I very seriously considered just leaving. I could get in the car, fly home, and leave Kenzie along with all the problems she caused. It’d be closing a confusing, frustrating, and highly distracting chapter of my life.

Except I couldn’t. I’d actually written on the plane. Actual words that I hadn’t felt immediately compelled to delete. I wasn’t about to admit it, even to myself, but there was something else pulling me to stay. Something stronger.

Kenzie was on her hands and knees trying to scoop up her things when I walked over to help. I picked up a pink, lacy thong, and held it up for her. “Interesting choice for a writer’s retreat with just the two of us,” I noted.

Kenzie snatched the underwear from me and stuffed it in her bag. “Get over yourself. Some of us don’t have unlimited underwear budgets. That one was just in the rotation.”

Our presence had drawn the attention of the people in the cabin. A pair of people headed down from the patio to see if we needed help.

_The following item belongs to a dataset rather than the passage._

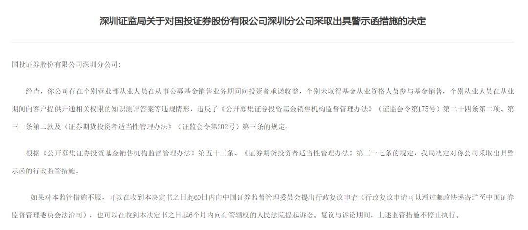 根据《公开募集证券投资基金销售机构监督管理办法》第五十三条、《证券期货投资者适当性管理办法》第三十七条的规定,深圳证监局决定对国投证券深圳分公司采取出具警示函的行政监管措施。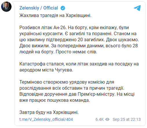 "Ужасная трагедия на Харьковщине. Разбился самолет Ан-26. На борту, кроме экипажа, были украинские курсанты. Есть погибшие и раненые. По состоянию на эту минуту подтверждено 20 погибших. Двух ищем. Двое выжили. По предварительным данным, всего было 28 человек на борту. Просто нет слов", - заявил Зеленский.

One newcomer was a tall, thin guy with a punchable face. He had that hairstyle that looked like a handful of scraggly, curly noodles atop his head with shaved sides. The woman was almost as short as Kenzie with bright pink hair and oversized glasses. She looked young—maybe only twenty.

“Oh my God,” the woman said. “Sebastian St. James? Holy shit.” Instead of waiting for a response, she pulled out a phone and her fingers started moving in a blur. She lifted the phone, snapped a picture of herself with me in the background, and typed some more.

“You okay?” The guy asked Kenzie, ignoring me. “I’m Reggie,” he said. He plastered a smile I didn’t like the look of on his face as he knelt too close to Kenzie and reached to take a half-used tube of toothpaste from her hand. He looked down at it. “Extra whitening, huh? Looks like it’s working. You have a beautiful smile.”

“Alright,” I said, standing abruptly and picking up Kenzie’s suitcase. “We were just leaving. My assistant made a mistake. Nobody else was supposed to be here.”

I put my hand on Kenzie’s back, trying to lead her to the car with me, but she planted her feet. I briefly considered tossing her over my shoulder and carrying her, but I sighed instead and set her bag down.

“Is there still an open room?” I asked.

“You could share mine,” Reggie said, once again looking straight past me to Kenzie. Clearly, the offer didn’t stand for both of us. Although I already felt pretty sure I’d murder Reggie in his sleep if I had to share a room with his spaghetti-headed ass.